Open AlisaGU opened this issue 11 months ago • 11 comments

Hi, I have two huge genomes (ref: 48G; query: 20G). To obtain an accurate genome alignment, I tried to annotate the transposable element (TE) and filter the non-TE sequence longer than 50bp to be the reference genome. Unexpectedly, the last-train step was too slow and I had to kill it after 7 days run.

I tried to reverse the ref and query, and things seemed worse. Nothing was outputted after two days run.

Could you give me some tips to run? Can I ignore the last-train step and align them directly? Or is there a better way?

Best regards,

AlisaGU avatar Mar 03 '24 15:03 AlisaGU

Please can you show your commands/options for lastdb and last-train, and also the version (e.g. lastdb --version)?

mcfrith avatar Mar 03 '24 22:03 mcfrith

Sure. Version: lastal 1542 lastdb command: $lastdb -P 20 ${reference_abbre} ${reference_genome} last-train: ${last_train} -P 20 --revsym -D1e9 --sample-number=5000 ${reference_abbre} ${query_genome_sequence} >${train_outfile}

the distribution of ref genome after remove the TE: image

genomic fragment less than 50 bp will be filtered.

AlisaGU avatar Mar 04 '24 01:03 AlisaGU

Thanks! Since last-train only uses a sample of the query, I wouldn't expect it to be so slow. I guess the slowness may be caused by running out of memory.

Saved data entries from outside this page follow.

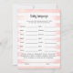 Enjoy playing this Baby Language baby shower game on soft, pink and white watercolor stripes background. Cute, white, bunny rabbit on back with templates created for you.
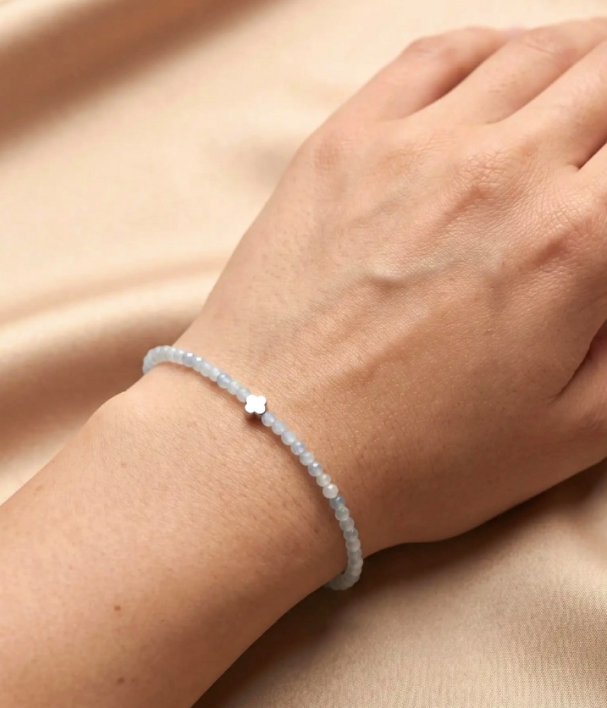 Аквамаринът е символ на спокойствие, хармония и вътрешен баланс, а хематитът се свързва със стабилност и сила. Комбинацията от тези два елемента прави гривната не само красив аксесоар, но и бижу с послание.
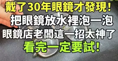 戴了30年眼鏡才發現!把眼鏡放水裡泡一泡,眼鏡店老闆這一招太神了,一定要試試!
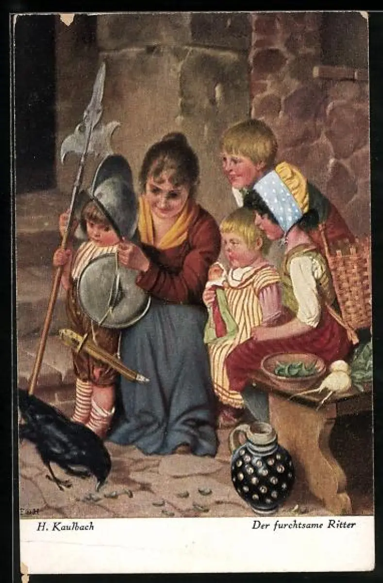 Künstler-AK Hermann Kaulbach: Kleiner Junge als Ritter verkleidet mit Mutter und Geschwistern blicken auf einen Raben
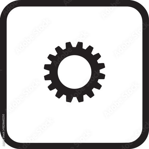 Black gear icon in a square frame, representing settings or mechanics.
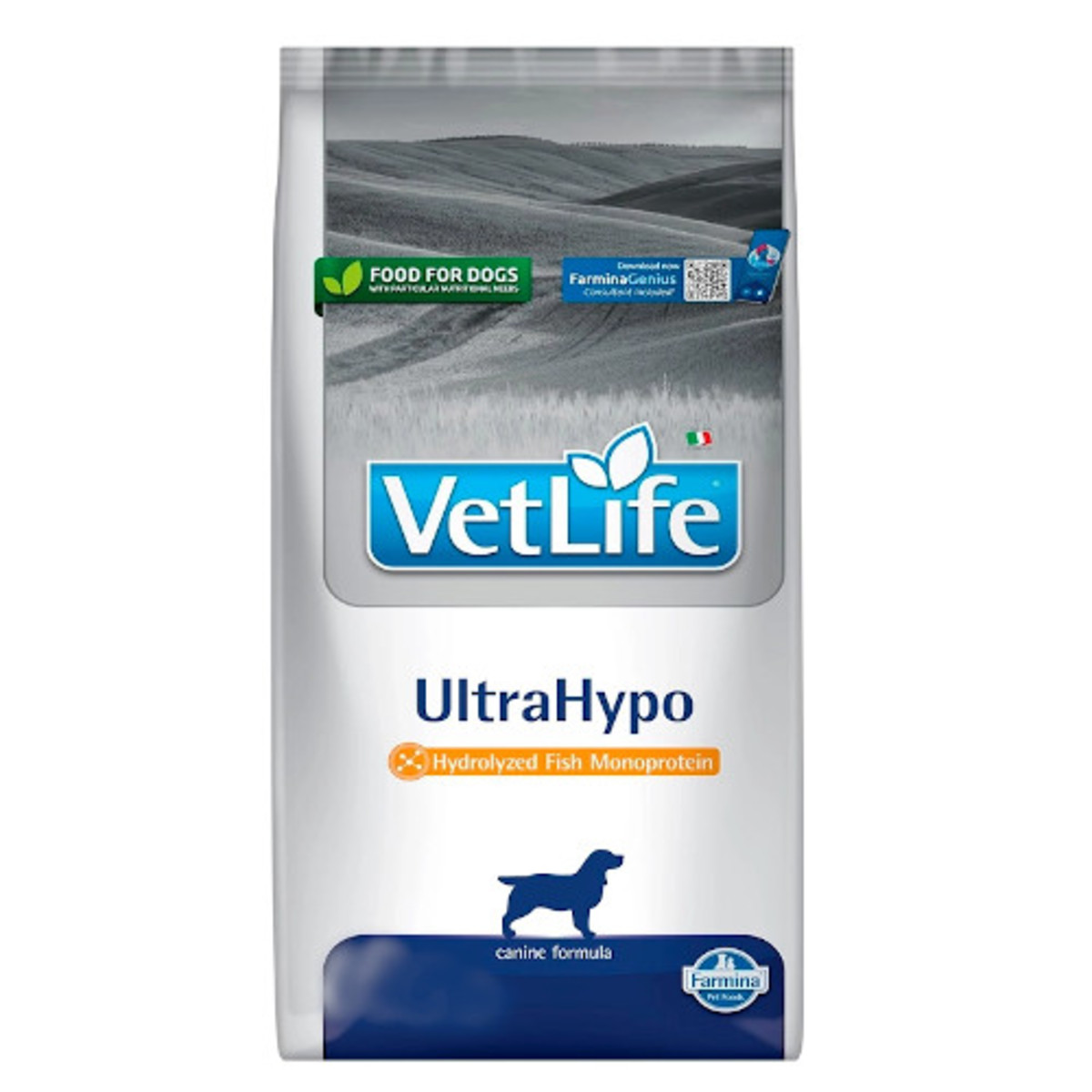Reacciones alérgicas. Atopias. Farmina Vet Life UltraHypo es un alimento completo dietético para la reducción de la intolerancia a sustancias nutritivas en perros con alergias a los alimentos o atopia. Particularmente indicado en el tratamiento de la dermatitis atópica refractaria y diarrea recurrente.
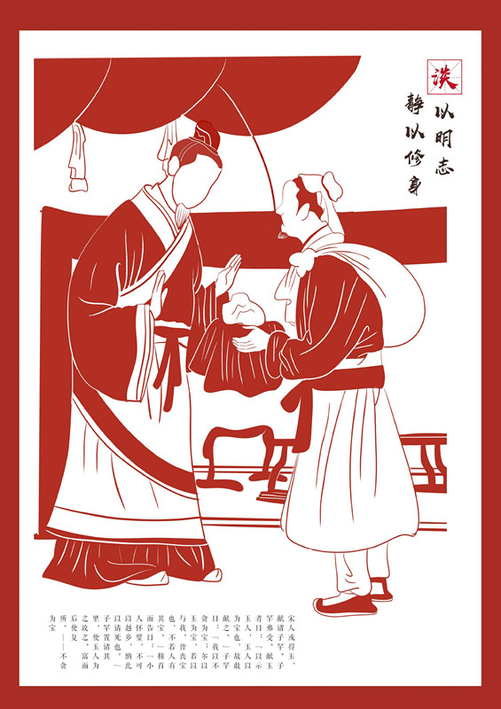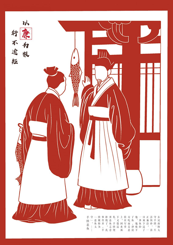 罗子越、张子影同学创作,以廉洁人物故事为主题,采用剪纸效果进行绘制,呈现“不贪为宝”、“羊续悬鱼”两个廉政故事,意指党员干部要遵从本心,不被利益所诱惑。
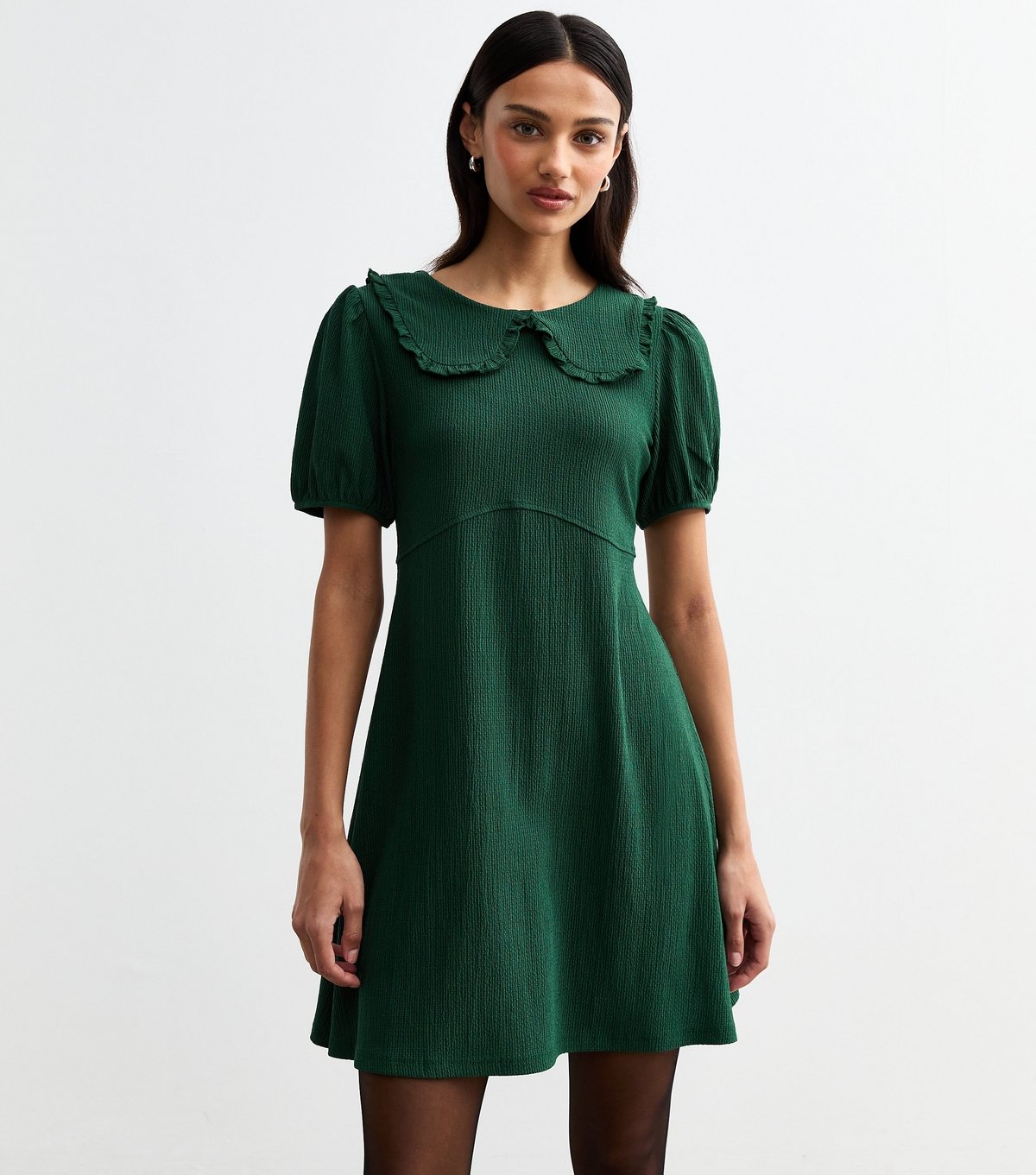 The New Look Dark Green Crinkle Collar Mini Dress is available in sizes 10.
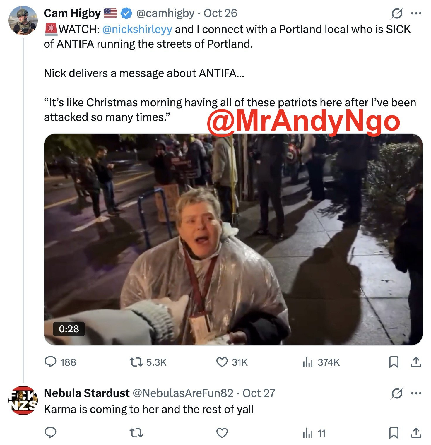 He also posted a threat against an older Portland neighborhood resident voicing criticism of Antifa rioters in south Portland.
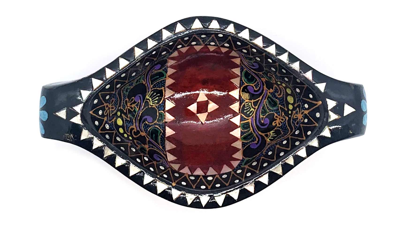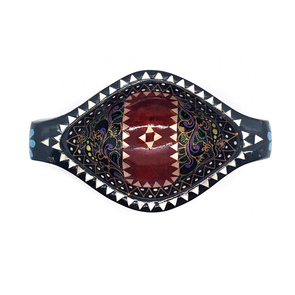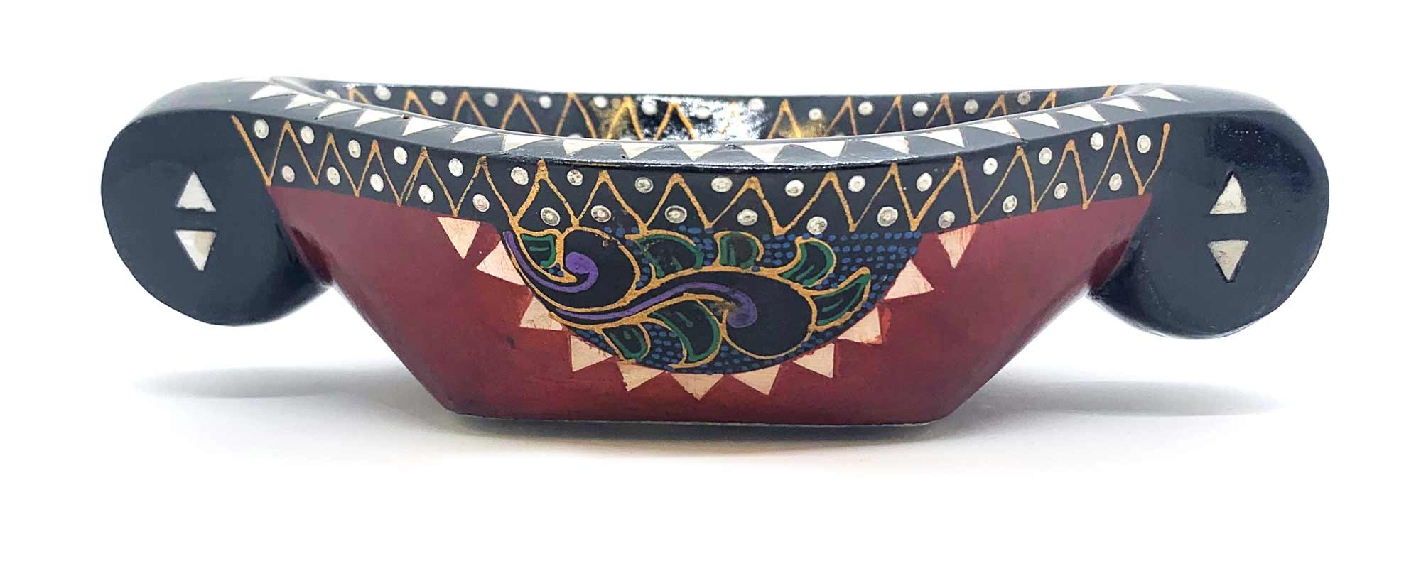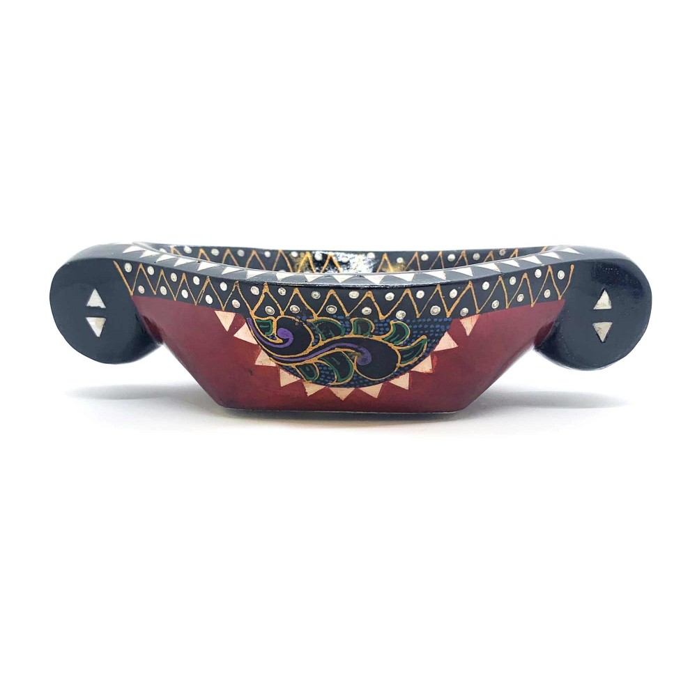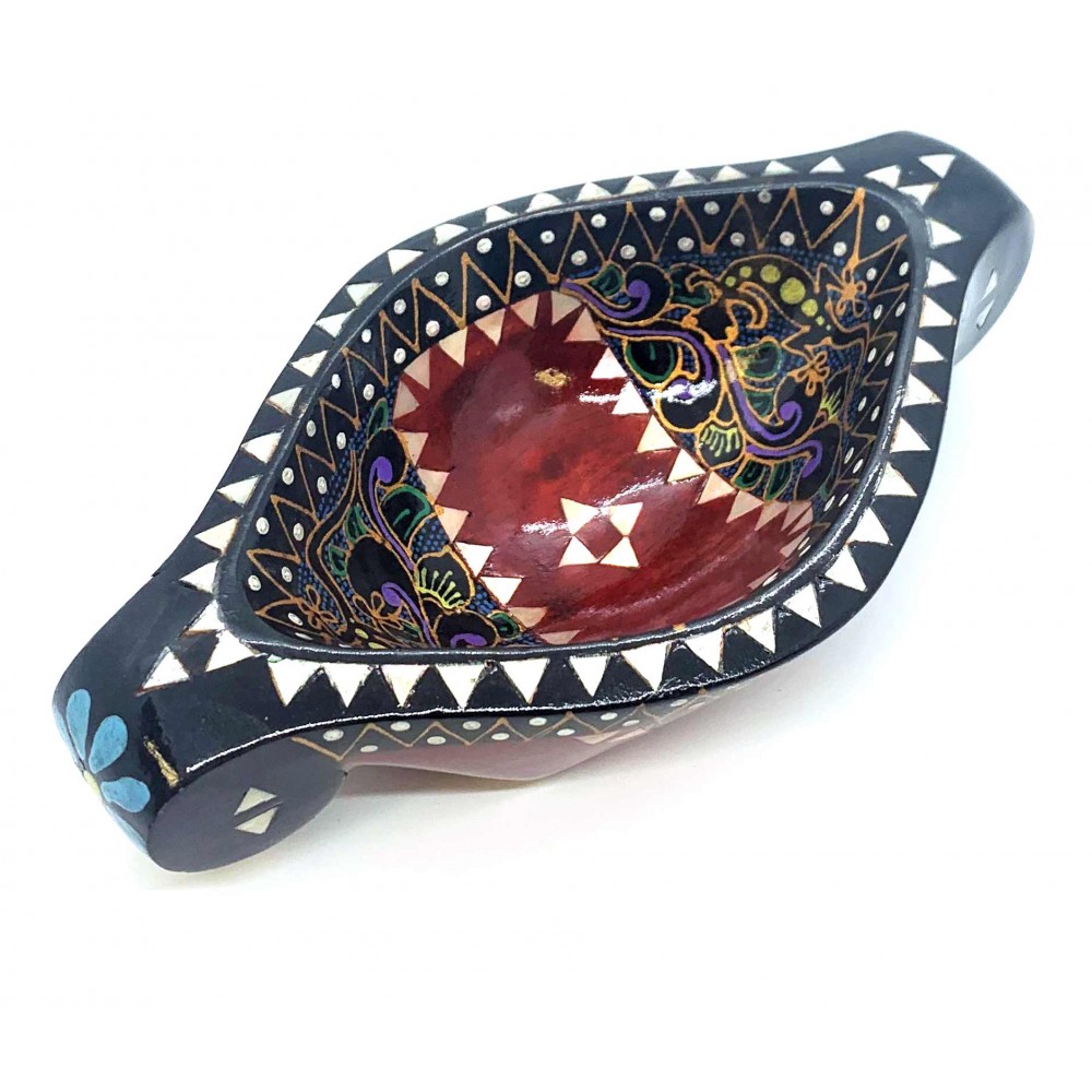 Это блюдо изготовлено из высококачественного цельного дерева и украшено великолепной инкрустацией из перламутра. Красный цвет придает ему особую элегантность и притягательность. На поверхности блюда вручную нанесена нежная и яркая роспись с изображением прекрасных цветов. Каждый штрих и деталь выполнены с большим вниманием к деталям, чтобы создать великолепный визуальный эффект.
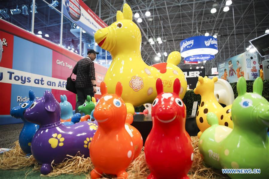 Colorful child's riding toys are displayed at the 116th Annual North American International Toy Fair at the Jacob K. Javits Convention Center in New York, the United States, Feb. 16, 2019. The toy fair, held from February 16 to 19 this year, gathered more than 1,000 toy exhibitors and hundreds of thousands of toys and youth entertainment products to retail outlets and trade guests from over 100 countries and regions. (Xinhua/Wang Ying)

I basically suggest following the "Aligning human & chimp genomes" recipe here: https://gitlab.com/mcfrith/last/-/blob/main/doc/last-cookbook.rst For your huge genomes, I would add this lastdb option: --bits=4.

In the recipe, -uRY128 reduces the run time and memory use. But it lowers the sensitivity, which is fine for closely-related genomes, but not distantly-related ones. If your genomes are distantly-related, you could try something like -uRY4 or -uRY8.

I guess it's not necessary to remove TEs (but I don't know for sure).

mcfrith avatar Mar 04 '24 04:03 mcfrith

TE accounts for about 90% of the ref genome, and the removal of TE is for the speed-up of genome alignment. So the slow is unexpected. So, is it faster to use the whole genome with no TE removal?

AlisaGU avatar Mar 04 '24 15:03 AlisaGU

Sure, I would expect removing 90% TEs to be faster.

mcfrith avatar Mar 04 '24 21:03 mcfrith

However, removing 90% TE is slower for the last-train step, and I have no idea about how to deal with that.

Can I ignore last-train and run the lastal step directly?

AlisaGU avatar Mar 05 '24 01:03 AlisaGU

Yes, you can ignore last-train, and run lastal directly. Then it will use some default, non-trained parameters. Which might work quite well, or badly, depending on your data.

But last-train should be much faster than the alignment step, whether you remove TEs or not... (I wouldn't use -D1e9 --sample-number=5000.)

mcfrith avatar Mar 05 '24 01:03 mcfrith

ok, let me try the last-train without -D1e9 --sample-number=5000

AlisaGU avatar Mar 05 '24 02:03 AlisaGU

I wouldn't use -D1e9 --sample-number=5000

It's also slow.

I have a train file using the whole reference genome and query genome before. Can I use this train file as the lastal input?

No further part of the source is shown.